A: (Economy): Money. G: (Political system): Political power. I: (Societal Community): Influence. L: (Judiciary system): Value-commitment.

== Criticism of the AGIL scheme ==

Parsons' theory has been criticised as being too abstract to be used constructively in any significant empirical research. While the four functions of the AGIL scheme are intuitive and many social systems can be described according to the paradigm of Parsons' structural functionalism, one can question the utility that such an inspection brings to a scientific sociological study. Defenders of the AGIL scheme respond that there have indeed been situations where social systems, such as some industries, have failed to operate because they have neglected one or more of the four functions. Hence, the AGIL scheme can be tested against political or economic systems in operation to see if they meet the criteria. Defenders also highlight that all theoretical systems are abstract (indeed, modern physics uses extremely high levels of theoretical abstractions, without anyone "protesting"). Any good theoretical system has to be abstract, since this is the meaning and function of theoretical systems.

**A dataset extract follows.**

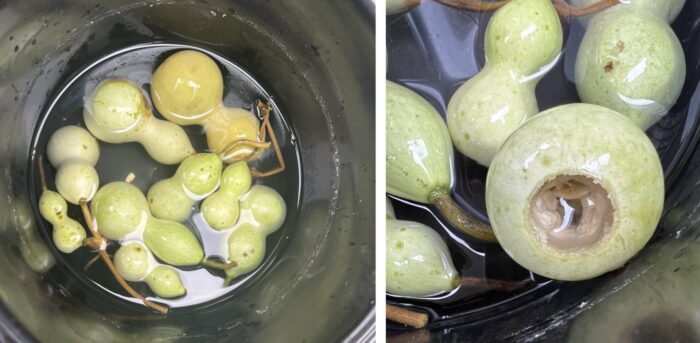 底に穴をあけ水に浸し、表面の薄皮と中身の種が出てくるのを待ちます。

Another notable criticism attacks the AGIL schemes' failure to take historical change into account. Critics argue that Parsons' theory is inexcusably static and lacks the flexibility to meet instances of social change. While Parsons purports that the AGIL scheme is a general theory of social functions that can be applied to any social system at any time or place in the history of humankind, critics contend that it is basically just a model of the post-war United States, or, moreover, merely an ideal social structure of the middle-class of United States. Parsons' defenders argue that such criticisms are misplaced inasmuch as Parsons tried to identify the most important systemic features of any society whatsoever: any society would need to meet the functions indicated by AGIL, even if it used different institutions or arrangements for doing so. Moreover, Parsons himself tried to develop a theory of world history and to explain social change through his system, although his critics have suggested that this amounts to little more than window-dressing. Nevertheless, despite recent sympathetic reappraisals, Parsons no longer dominates Anglophone social theory in the way he once did.